Essential question: What makes the human body and the human mind so unique? How does our mind and body make our identities? What happens to our identities if our mind or body changes?
Fiction Books
Out of My Mind by Sharon M. Draper
Eleven-year-old Melody is not like most people. She can’t walk. She can’t talk. She can’t write. All because she has cerebral palsy. But she also has a photographic memory; she can remember every detail of everything she has ever experienced. She’s the smartest kid in her whole school, but NO ONE knows it. Most people—her teachers, her doctors, her classmates—dismiss her as mentally challenged because she can’t tell them otherwise. But Melody refuses to be defined by her disability. And she’s determined to let everyone know it…somehow.
*Please note that this book uses a derogative term for the developmentally disabled that should never be repeated as it has no place in our school or community. As the book progresses and the characters grow, they come to realize that this cruel term and label does not define them and is so very far from the truth about their abilities.

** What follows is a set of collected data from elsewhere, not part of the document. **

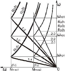 Figure 3.47 – Mechanical characteristic of dynamic braking with independent excitation. All characteristics originate from the same point 0 ( Characteristics are presented for two values of stator mmf The value of maximal braking moment Critical speed value (critical sliding), vice versa, is alike for one and the same value of rotor active resistance and doesn`t related to changing the value of stator mmf. Likeness of mechanical characteristics of braking and motor modes is only visual. Their quantitative discrepancies are significant. With one and active rotor resistance critical sliding in motor mode is significantly higher then critical sliding of dynamic braking, since in dynamic mode alternating current of stator winding is absent. It means that inductive resistance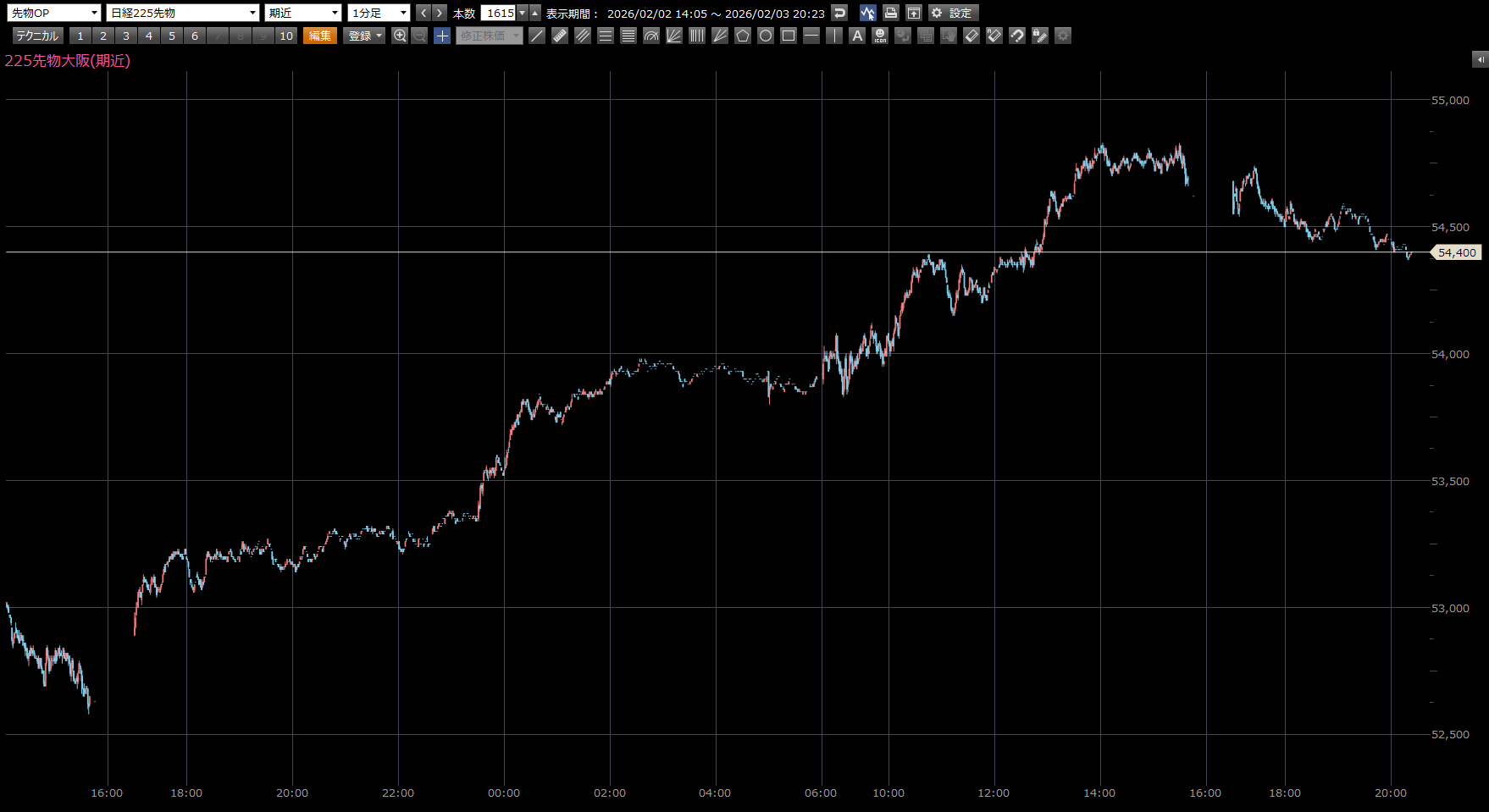 本日の注目ポイントは、上 54520円。 下 53530円。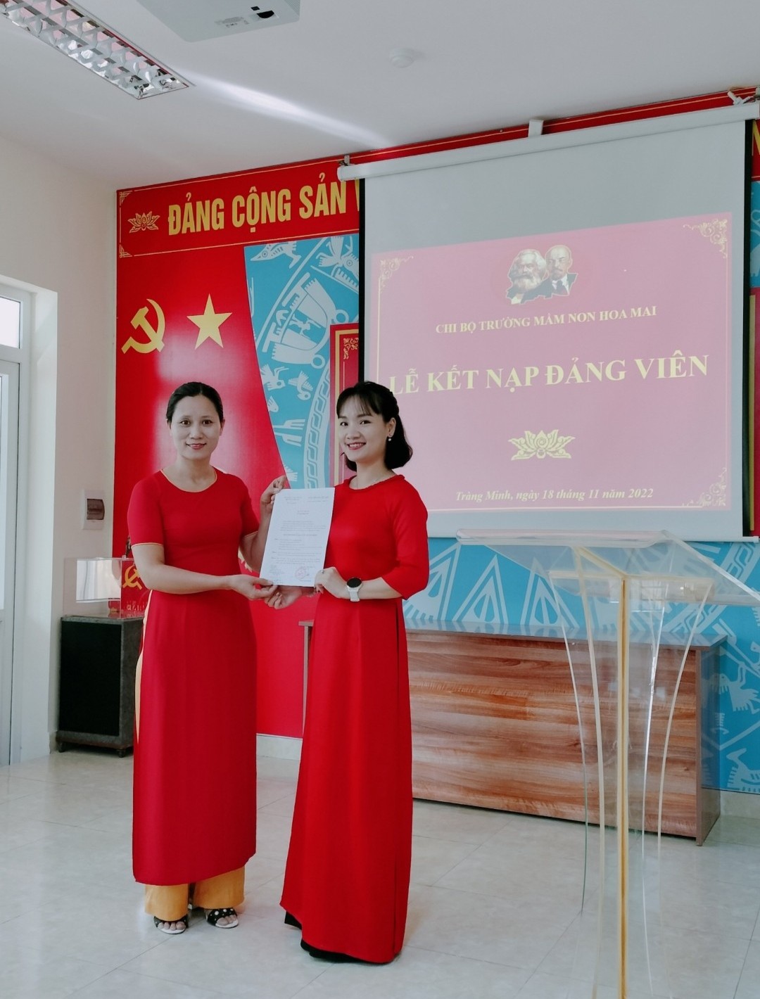 Hôm nay, ngày 18 tháng 11 năm 2022 Chi bộ trường Mầm non Hoa Mai tổ chức lễ kết nạp Đảng viên cho quần chúng Vũ Thị Duyên.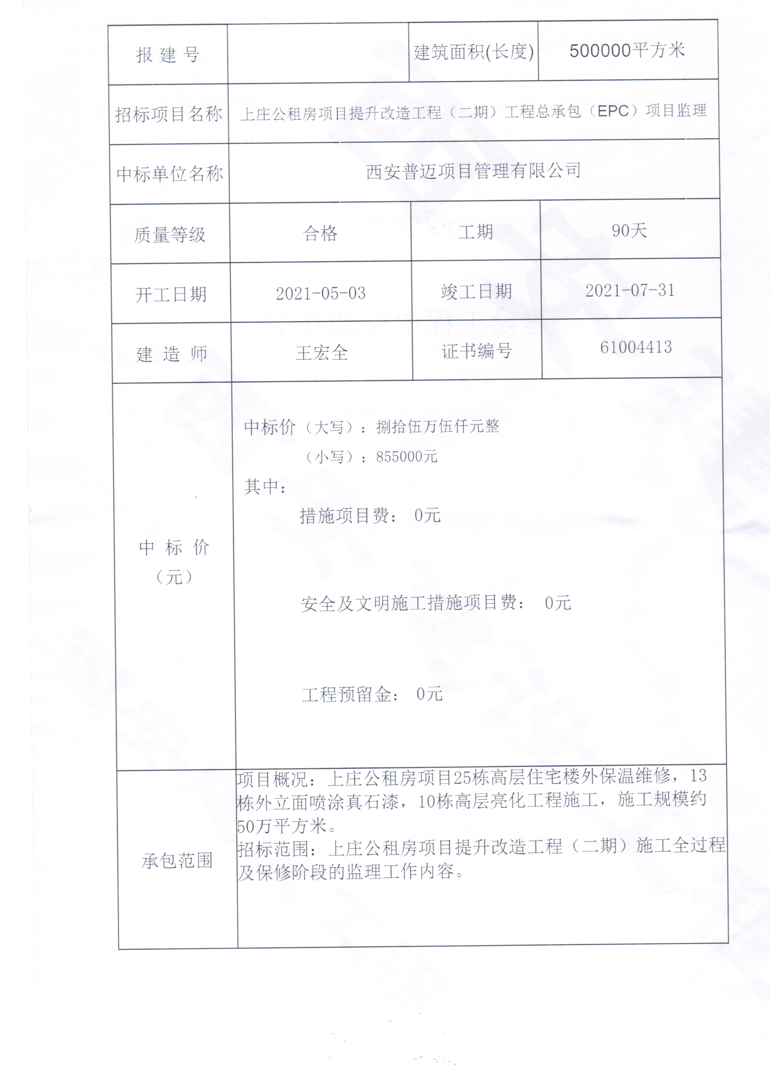 項目概況:該項目位于浐灞生態(tài)區(qū),規(guī)模為 25棟高層住宅樓外保溫維修,13棟外立面噴涂真石漆,10棟高層亮化工程施工,施工規(guī)模約50萬平方米??偼顿Y5399萬元。

There is also a movie for this book! Read, watch, and then compare the two!
Restart by Gordon Korman
Chase's memory just went out the window. Chase doesn't remember falling off the roof. He doesn't remember hitting his head. He doesn't, in fact, remember anything. He wakes up in a hospital room and suddenly has to learn his whole life all over again . . . starting with his own name. He knows he's Chase. But who is Chase? When he gets back to school, he sees that different kids have very different reactions to his return. Some kids treat him like a hero. Some kids are clearly afraid of him. One girl in particular is so angry with him that she pours her frozen yogurt on his head the first chance she gets. Pretty soon, it's not only a question of who Chase is--it's a question of who he was . . . and who he's going to be.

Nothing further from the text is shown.